I drove back home this morning and the welcoming committee buzzed me to remind me that the feeder was empty. So the first thing I did was to refill it, and there has been at least one hummingbird feeding whenever I look. There were two for a while who shared, but then it must have been the big daddy who came along and just his presence and body language caused the others to flee. Instead of quick sips they seem to be drinking long and deeply. I worry about what they will do when I leave, but I guess they will do whatever they did before I moved here.
In response to my question "When can I drive", the doctor said "Whenever you want to." I decided I wanted to this morning so I did. I loaded up the truck (making lots of little small trips) and drove the 5 miles home. I probably shouldn't have, but I'm stubborn and want to do things for myself. Now I think I will hang up the keys for at least a few days.
I still have blurry vision in my left eye, but am able to see a little more each time I check (by covering up the good eye). One thing that I am totally amazed at is the vibrant color - the intensity of color is simply fantastic, and unexpected.

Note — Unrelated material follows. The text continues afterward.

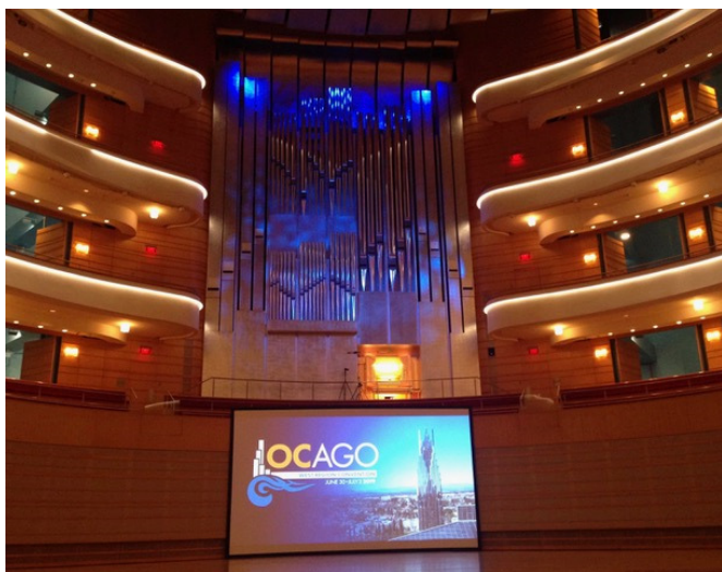
Segerstrom Concert Hall

I have been thinking a lot lately about folks who are organ donors, as well as blood donors. It is something you never quite appreciate until you are the recipient. In my case I think I am forever changed. The donor of my cornea (or the donor's family) made the decision to help a stranger if possible, without knowing the gender, nationality, cultural/ethnic group, religious views (or lack thereof) or race of that stranger. It is an act of unconditional love, and when you think about it, that is rarely found in people. Very few things are truly unconditional these days, and probably never were.
I also feel that the donor and I are bonded, physically and spiritually - it's a great feeling, sort of like I always have someone with me now. Someone that I will be eternally grateful to.